Which is correct regarding the statement: “If x is an odd integer, then the median of x , x + 2, x + 6, and x + 10 is an odd number”

A.) the statement is sometimes true


B.) the statement is always false


C.) the statement is always true


D.) there is not enough information provided to answer the question

Answer 1

x is an odd number

x+2 is also odd (consider the example x = 3 so x+2 = 3+2 = 5). Adding 2 to any odd number is always odd

Similarly, so is x+6 (since we have x+2+2+2).

And so is x+10 (x+2+2+2+2+2).

So every value in this list is an odd number. The middle most values are x+2 and x+6 which are both odd.

Adding any two odd numbers together yields an even number. For example 3+5 = 8. Divide this even number in half and we may or may not get an odd number (eg: 8/2 = 4 and 6/2 = 3)
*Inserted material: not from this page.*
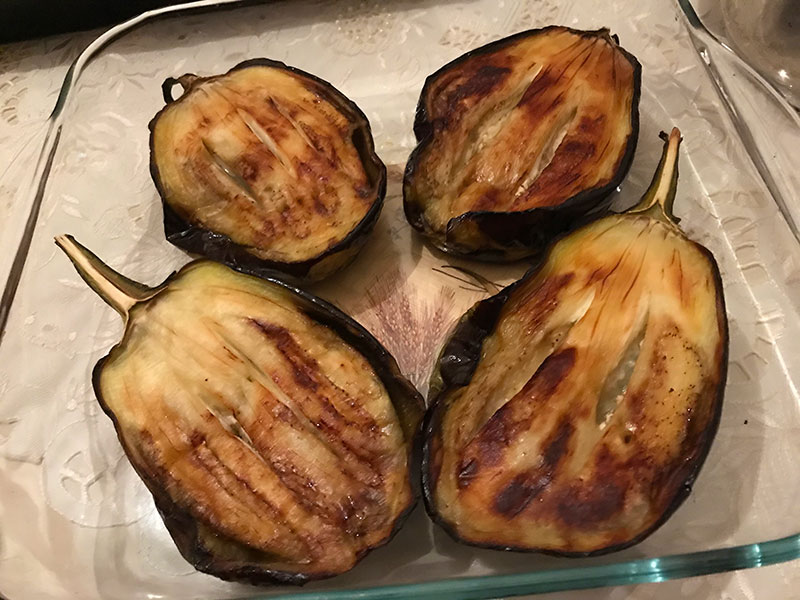 Bu şekilde kızgın yağda alt üst ederek kızartıyoruz. Kızarttığımız patlıcanları bir cam fırın kabına alıyoruz. Soğuduktan sonra iç kısımlarını biraz oyuyoruz ve oyduğumuz patlıcan içlerini atmıyoruz bir kenara alıyoruz.(kullanacağız)

So this statement is sometimes true

Answer 2

any odd number can be represented by 2n+1 where n is an integer

the median will be the middle number, if there are 2, then it is the average of the 2 middle numbers when they are arranged in increasing order

we can see that there are 4 numbers, the middle 2 are x+2 and x+6
the average of those is (2x+8)/2=x+4

if x is odd, then we can replace x with 2n+1
2n+1+4=2n+4+1=2(n+4)+1, and n+4 is an integer so that is an odd result, bein 2(n+4)+1 is the same as 2m+1 where m is an integer

the statement is always true

C is answer